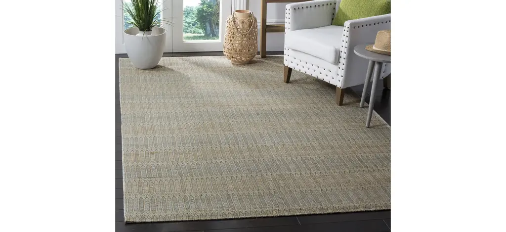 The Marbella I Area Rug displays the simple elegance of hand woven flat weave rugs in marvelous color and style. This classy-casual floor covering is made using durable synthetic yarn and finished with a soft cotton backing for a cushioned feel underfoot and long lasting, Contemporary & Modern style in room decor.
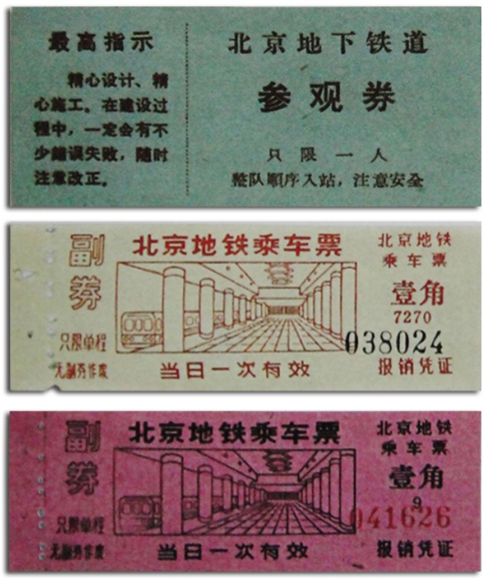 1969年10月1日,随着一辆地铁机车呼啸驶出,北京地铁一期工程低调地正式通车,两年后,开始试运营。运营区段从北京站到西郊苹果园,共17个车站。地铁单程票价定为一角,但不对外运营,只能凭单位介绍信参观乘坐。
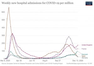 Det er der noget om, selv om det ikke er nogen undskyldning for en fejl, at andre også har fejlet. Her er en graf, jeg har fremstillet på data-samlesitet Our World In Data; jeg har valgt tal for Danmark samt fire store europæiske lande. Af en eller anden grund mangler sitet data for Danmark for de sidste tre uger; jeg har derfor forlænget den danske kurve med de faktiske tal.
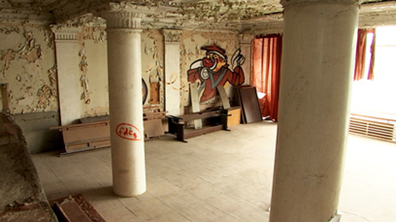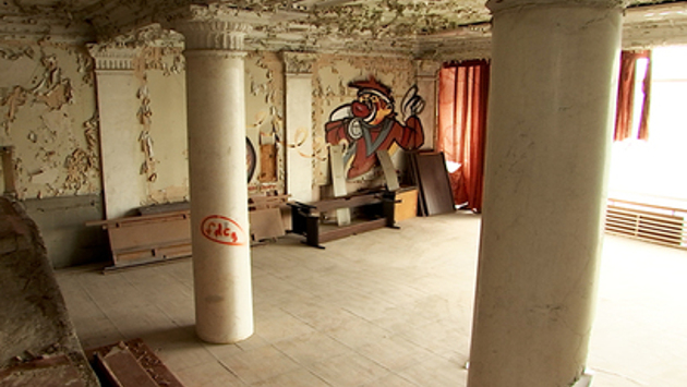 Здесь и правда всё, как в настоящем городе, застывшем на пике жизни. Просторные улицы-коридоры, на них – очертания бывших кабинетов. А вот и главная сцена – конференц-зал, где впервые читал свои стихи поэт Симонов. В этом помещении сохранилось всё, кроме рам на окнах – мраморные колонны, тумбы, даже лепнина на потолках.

◆ INSTRUCTIONS FOR THE TASK
A word-for-word transcription of the listing is needed, minus its images.

◆ OUTPUT FOR THIS TASK
 The Marbella I Area Rug displays the simple elegance of hand woven flat weave rugs in marvelous color and style. This classy-casual floor covering is made using durable synthetic yarn and finished with a soft cotton backing for a cushioned feel underfoot and long lasting, Contemporary & Modern style in room decor.
 1969年10月1日,随着一辆地铁机车呼啸驶出,北京地铁一期工程低调地正式通车,两年后,开始试运营。运营区段从北京站到西郊苹果园,共17个车站。地铁单程票价定为一角,但不对外运营,只能凭单位介绍信参观乘坐。
 Det er der noget om, selv om det ikke er nogen undskyldning for en fejl, at andre også har fejlet. Her er en graf, jeg har fremstillet på data-samlesitet Our World In Data; jeg har valgt tal for Danmark samt fire store europæiske lande. Af en eller anden grund mangler sitet data for Danmark for de sidste tre uger; jeg har derfor forlænget den danske kurve med de faktiske tal.
 Здесь и правда всё, как в настоящем городе, застывшем на пике жизни. Просторные улицы-коридоры, на них – очертания бывших кабинетов. А вот и главная сцена – конференц-зал, где впервые читал свои стихи поэт Симонов. В этом помещении сохранилось всё, кроме рам на окнах – мраморные колонны, тумбы, даже лепнина на потолках.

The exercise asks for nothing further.